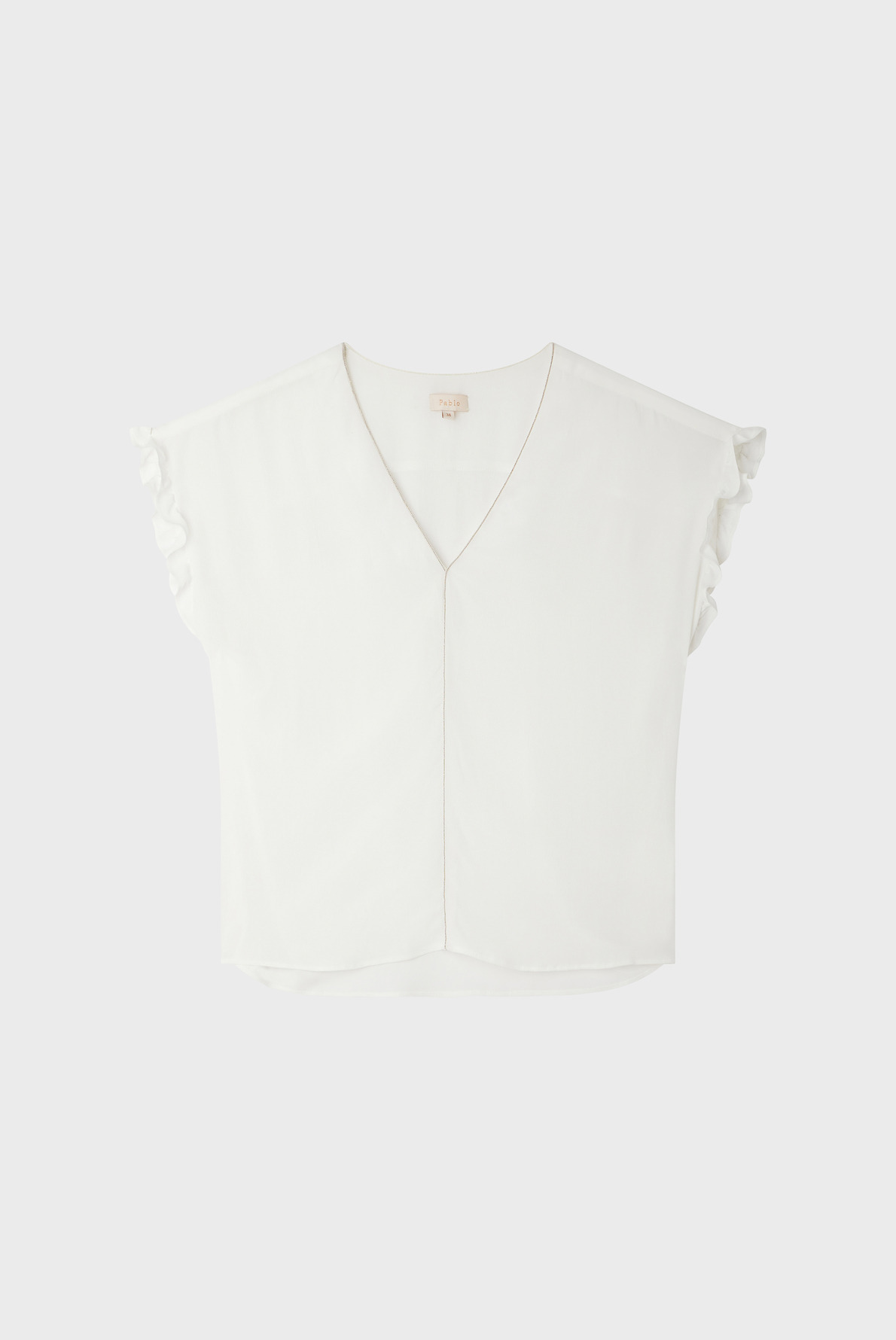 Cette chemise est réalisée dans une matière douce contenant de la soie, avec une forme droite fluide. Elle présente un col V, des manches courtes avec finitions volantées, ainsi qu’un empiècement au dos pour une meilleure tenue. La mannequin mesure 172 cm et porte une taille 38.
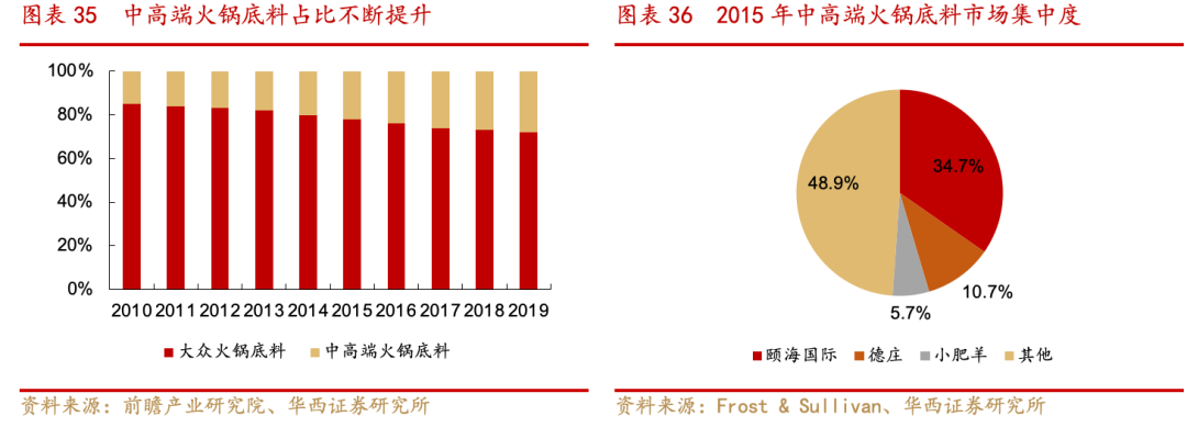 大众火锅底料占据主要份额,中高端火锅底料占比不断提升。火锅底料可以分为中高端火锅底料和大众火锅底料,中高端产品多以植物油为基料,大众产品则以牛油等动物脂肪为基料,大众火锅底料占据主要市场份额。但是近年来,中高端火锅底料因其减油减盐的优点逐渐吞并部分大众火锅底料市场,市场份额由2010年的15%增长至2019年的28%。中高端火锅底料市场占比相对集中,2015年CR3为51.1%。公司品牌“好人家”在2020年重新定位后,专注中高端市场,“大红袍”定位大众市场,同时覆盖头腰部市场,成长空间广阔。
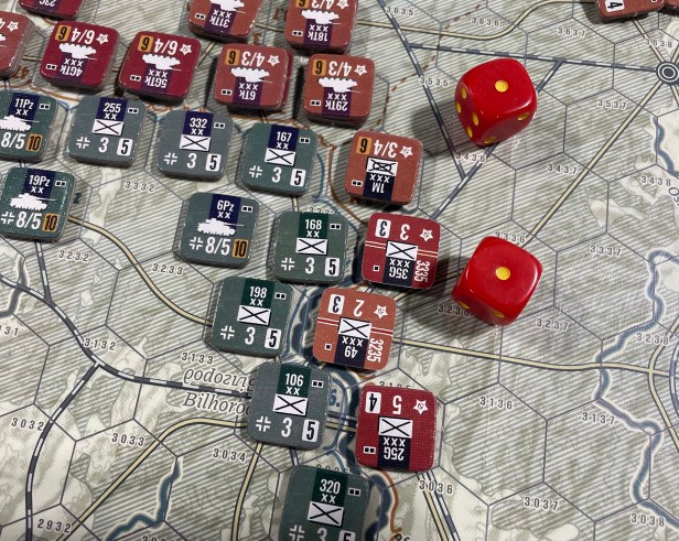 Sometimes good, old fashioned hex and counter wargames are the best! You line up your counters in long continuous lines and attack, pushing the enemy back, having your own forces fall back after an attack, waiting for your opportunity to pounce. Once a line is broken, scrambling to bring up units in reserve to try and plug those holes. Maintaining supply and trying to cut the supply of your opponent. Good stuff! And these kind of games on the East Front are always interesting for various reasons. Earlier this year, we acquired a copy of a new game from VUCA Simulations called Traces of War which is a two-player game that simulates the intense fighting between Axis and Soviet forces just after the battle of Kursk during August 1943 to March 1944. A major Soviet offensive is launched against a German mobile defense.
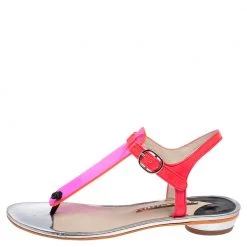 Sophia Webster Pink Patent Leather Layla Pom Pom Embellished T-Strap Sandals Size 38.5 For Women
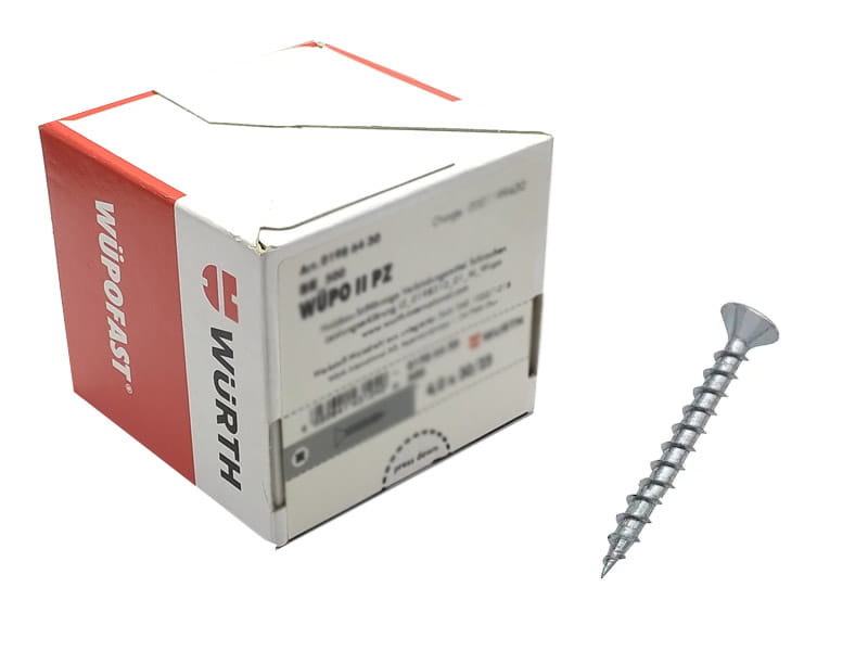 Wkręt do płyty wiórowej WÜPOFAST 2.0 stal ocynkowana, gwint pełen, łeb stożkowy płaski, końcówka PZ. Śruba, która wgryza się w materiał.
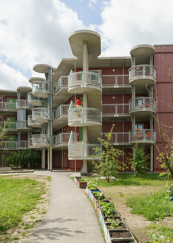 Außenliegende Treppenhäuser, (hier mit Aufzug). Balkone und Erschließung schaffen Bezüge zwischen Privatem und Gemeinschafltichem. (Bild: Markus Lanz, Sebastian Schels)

==*==

» **WHAT TO PRODUCE**:
Print the records above verbatim, pictures excluded.

» **OUTPUT OF THE EXERCISE**:
 Cette chemise est réalisée dans une matière douce contenant de la soie, avec une forme droite fluide. Elle présente un col V, des manches courtes avec finitions volantées, ainsi qu’un empiècement au dos pour une meilleure tenue. La mannequin mesure 172 cm et porte une taille 38.
 大众火锅底料占据主要份额,中高端火锅底料占比不断提升。火锅底料可以分为中高端火锅底料和大众火锅底料,中高端产品多以植物油为基料,大众产品则以牛油等动物脂肪为基料,大众火锅底料占据主要市场份额。但是近年来,中高端火锅底料因其减油减盐的优点逐渐吞并部分大众火锅底料市场,市场份额由2010年的15%增长至2019年的28%。中高端火锅底料市场占比相对集中,2015年CR3为51.1%。公司品牌“好人家”在2020年重新定位后,专注中高端市场,“大红袍”定位大众市场,同时覆盖头腰部市场,成长空间广阔。
 Sometimes good, old fashioned hex and counter wargames are the best! You line up your counters in long continuous lines and attack, pushing the enemy back, having your own forces fall back after an attack, waiting for your opportunity to pounce. Once a line is broken, scrambling to bring up units in reserve to try and plug those holes. Maintaining supply and trying to cut the supply of your opponent. Good stuff! And these kind of games on the East Front are always interesting for various reasons. Earlier this year, we acquired a copy of a new game from VUCA Simulations called Traces of War which is a two-player game that simulates the intense fighting between Axis and Soviet forces just after the battle of Kursk during August 1943 to March 1944. A major Soviet offensive is launched against a German mobile defense.
 Sophia Webster Pink Patent Leather Layla Pom Pom Embellished T-Strap Sandals Size 38.5 For Women
 Wkręt do płyty wiórowej WÜPOFAST 2.0 stal ocynkowana, gwint pełen, łeb stożkowy płaski, końcówka PZ. Śruba, która wgryza się w materiał.
 Außenliegende Treppenhäuser, (hier mit Aufzug). Balkone und Erschließung schaffen Bezüge zwischen Privatem und Gemeinschafltichem. (Bild: Markus Lanz, Sebastian Schels)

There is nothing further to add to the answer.